Words to Live By

Good Shepherd
Source: Bernhard Plockhorst-Good Shephard

This post is for my fellow Christians, Catholic and Protestant. I will not apologize for my beliefs, as the modern world would have it. Instead, I have words to live by.

At some point in a child’s life, they ask the Big Questions: who am I? Who made the earth, sea, and sky? Why am I here?

Our continuing journey through classic literature takes us to a volume of books: essays and poems, drama and splendor, narratives and epics. And what is this volume? For Christians, it is the Bible.

From a child’s viewpoint, the Bible should be introduced and read as a happy encounter with God. And for those interested in helping a child discover the bigger things, there are several classic books for this introduction, The Christ Child by Maud & Miska Petersham, The First Bible and The Book of Books (King James Version, Wilber Owen Sypherd, Editor.) are some examples.

A book that encompasses three major faiths in the US, One God: The Ways We Worship Him by Florence Mary Fitch, helps children know and understand faith. The Tree of Life: Selections from the Literature of the World’s Religions is another example of spiritual knowledge.
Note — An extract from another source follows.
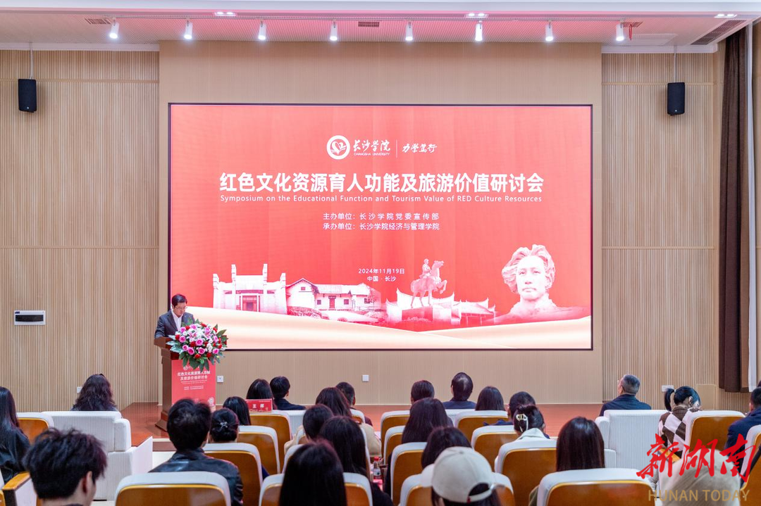 11月19日下午,由长沙学院党委宣传部主办、经济与管理学院承办的红色文化资源育人功能及旅游价值研讨会在经管类实训中心B307学术报告厅召开。长沙学院党委副书记刘寒波教授出席会议并致辞。来自湖南师范大学、湘潭大学、湖南省红色文化旅游促进会、马栏山视频文创园的各学界专家和企业嘉宾齐聚一堂,共同探讨红色文化在新时代背景下的育人功能与旅游价值。会议由长沙学院党委宣传部常务副部长徐远超主持。
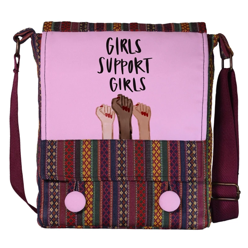 کیف دوشی چی چاپ طرح دخترانه Girls support girls با پارچه سنتی

There is also a treasury of metaphor in the sacred.
Read Proverbs 4: 10—19 “The Two Paths.”
We see the passage:
“Take fast hold of instruction;
Let her not go:
Keep her;
For she is thy life.”

Instruction is the right path.
It goes on,
“Enter not the path of the wicked,
And go not in the way of evil men.
Avoid it,
Pass not by it;
Turn from it, and pass away.”

The instruction is clear—keep away from what is not good, otherwise you will be lead into darkness.

There is also beautiful poetry about the sacred such as Robert Louis Stevenson’s poem, “Give us grace and strength” and Christina Rossetti’s poem, “Lord, purge our eyes to see.”
For lovers of nature, I invite you to read my favorite legend of the saints by Mary Gould Davis, The Truce of the Wolf: a Legend of St. Francis of Assisi.

Sacred literature is a gift to humankind and a rich store of words more than their worth—words that if lived, lead to unending joy!